A number of Arm partners are developing Neoverse V1-based solutions aimed at data analytics and high-performance computing workloads, noted Arm’s HPC business lead Brent Gorda. One of these is SiPearl, which selected the Zeus core to power its first-generation server processor that underpins Europe’s exascale plans.

Beyond supercomputing, Gorda cites applications for SVE in media processing, encryption/decryption, network processing, as well as edge environments.

In a pre-briefing held for media last week, Arm presented early emulation results for V1 that show speed up at the implementation level over N1 (see bar graphs above).

Silicon partners will have full control over SVE voltage and frequency transitions, said Bergey. This enables them to run at full frequency while executing SVE code, as Fujitsu’s A64FX CPU is able to do.

Bergey said Arm continues to advance its interconnect roadmap with investments in both CCIX and CXL.

CCIX is used for bidirectional coherent communications, and there’s a lot of flexibility in how it’s used, said Bergey.

While the classical case is multi-socket computing, there is an emerging use case for chiplets. “You’ve heard the benefits: die size goes down, yields goes up, costs go down, and it lets you continue to increase core count and performance,” Bergey said.

Arm is also exploring tightly coupled heterogeneous compute. “With the slowdown of Moore’s law scaling, there is interest in chip-to-chip coupling of ARM CPU complexes with a variety of accelerators and memory,” said Bergey.

The company likewise has plans for CXL, which provides memory-coherent attachment. Bergey highlights use cases, “the most anticipated [being] memory pooling and expansion.”

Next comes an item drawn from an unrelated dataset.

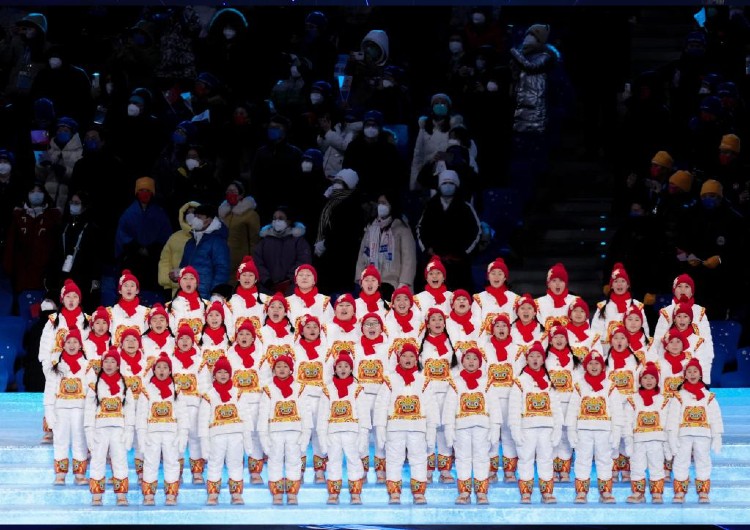 2月4日晚,第二十四屆冬季奧林匹克運(yùn)動(dòng)會(huì)開(kāi)幕式在北京國(guó)家體育場(chǎng)舉行。圖為孩子們演唱奧林匹克會(huì)歌。新華社記者李安攝

It enables “sharing a large pool of memory across a set of connected nodes or it could mean just attaching a large amount of emerging memory to a single node,” he said, highlighting the benefits for machine learning training and inferencing.

While V1 stresses optimal performance for the most demanding workloads, N2 addresses scale-out performance. “It won’t quite have the performance per thread of V1, but it will support more cores in a constant TDP,” said Bergey.

He added that while there is no hard limit to the number of cores per CPU, customers have a TDP that they want to optimize around, which ties to core count targets.

“We’re optimizing around performance for power and performance per area. And that allows you to pack in more cores per TDP. Whether that’s a 250 watt cloud SOC, or a 20 watt 5G base station SOC,” he said.

Arm expects its V1 IP to be implemented on both 7nm and 5nm process nodes with different customers leveraging one of those two nodes depending on their timeframes.

Bergey notes that the performance gains they are projecting for V1 and N2 are IPC-based and not nodal related.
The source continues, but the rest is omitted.